Co-Authored-By: Claude Opus 4.6 <noreply@anthropic.com>

cmd/agent/main.go

@@ -3,7 +3,13 @@ package main
 import (
 	"bytes"
 	"context"
+	"crypto/ecdsa"
+	"crypto/elliptic"
+	"crypto/rand"
+	"crypto/x509"
+	"crypto/x509/pkix"
 	"encoding/json"
+	"encoding/pem"
 	"flag"
 	"fmt"
 	"io"
@@ -11,6 +17,7 @@ import (
 	"net/http"
 	"os"
 	"os/signal"
+	"path/filepath"
 	"syscall"
 	"time"
 
@@ -27,10 +34,13 @@ type AgentConfig struct {
 	AgentName string // Agent name for identification
 	AgentID   string // Agent ID for API calls (set after registration or from env)
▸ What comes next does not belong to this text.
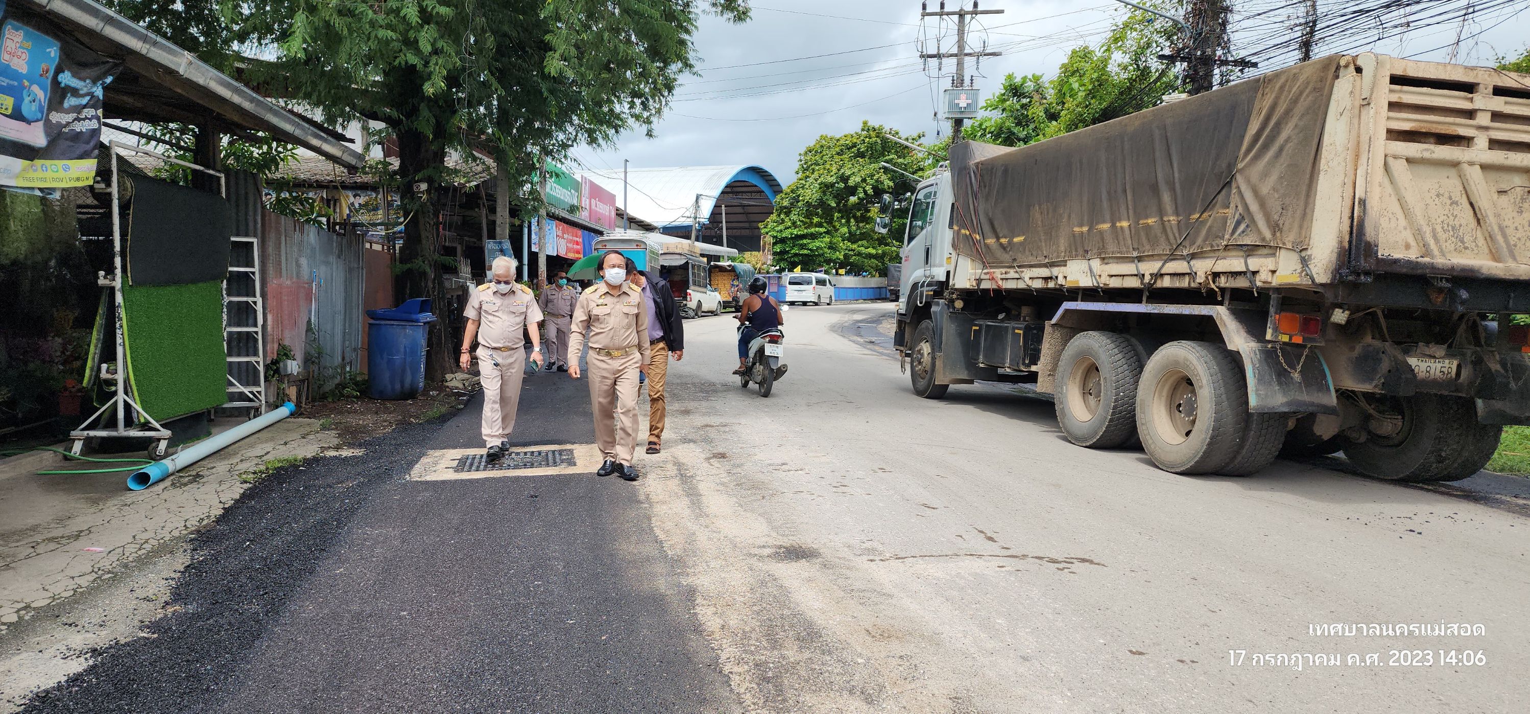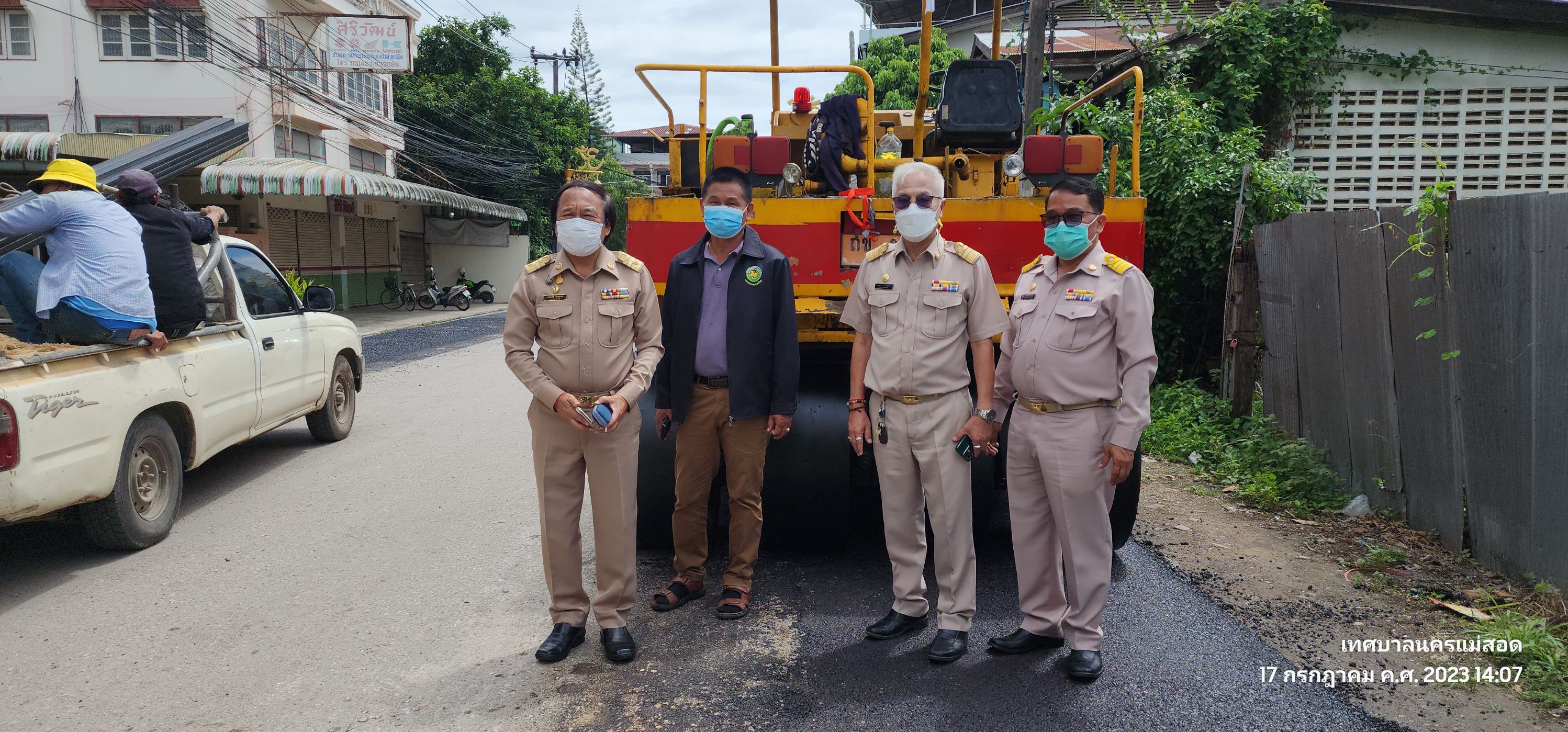 ว่าที่ร้อยตรีประเสริฐ ปวงละคร นายกเทศมนตรีนครแม่สอด พร้อมด้วยคณะผู้บริหาร สมาชิกสภาเทศบาล หัวหน้าส่วนราชการและเจ้าหน้าที่ที่เกี่ยวข้องเทศบาลนครแม่สอด ลงพื้นที่ติดตามความเรียบร้อยการปรับปรุงเสริมผิวจราจรลาดยางแอสฟัลท์ติก บริเวณไหล่ถนนชิดวนา ระยะทางจากแยกศาลเจ้าพ่อพระวอ - วงเวียนพระพิฆเนศ เพื่อให้การก่อสร้างเป็นไปด้วยความเรียบร้อย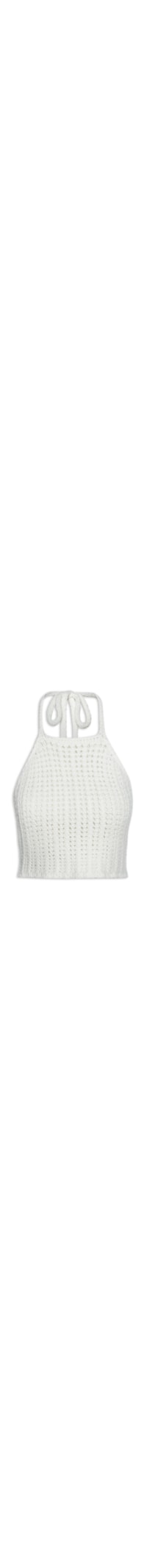 A blusa branca é confeccionada por tricot com média elasticidade. A peça justa ao corpo de modelo frente única possui decote halter, alças finas, leve transparência, forro e comprimento cropped*.

 	Hostname  string // Server hostname
+	KeyDir    string // Directory for storing private keys (default: /var/lib/certctl/keys)
 }
 
 // Agent represents the local agent that runs on target servers.
-// It periodically sends heartbeats, polls for work, and executes deployment jobs.
+// It periodically sends heartbeats, polls for work, and executes deployment and CSR jobs.
+// In agent keygen mode, private keys are generated and stored locally — they never leave
+// this process or filesystem.
 type Agent struct {
 	config *AgentConfig
 	logger *slog.Logger
@@ -47,11 +57,13 @@ type WorkResponse struct {
 	Count int       `json:"count"`
 }
 
-// JobItem represents a job returned from the control plane, enriched with target details.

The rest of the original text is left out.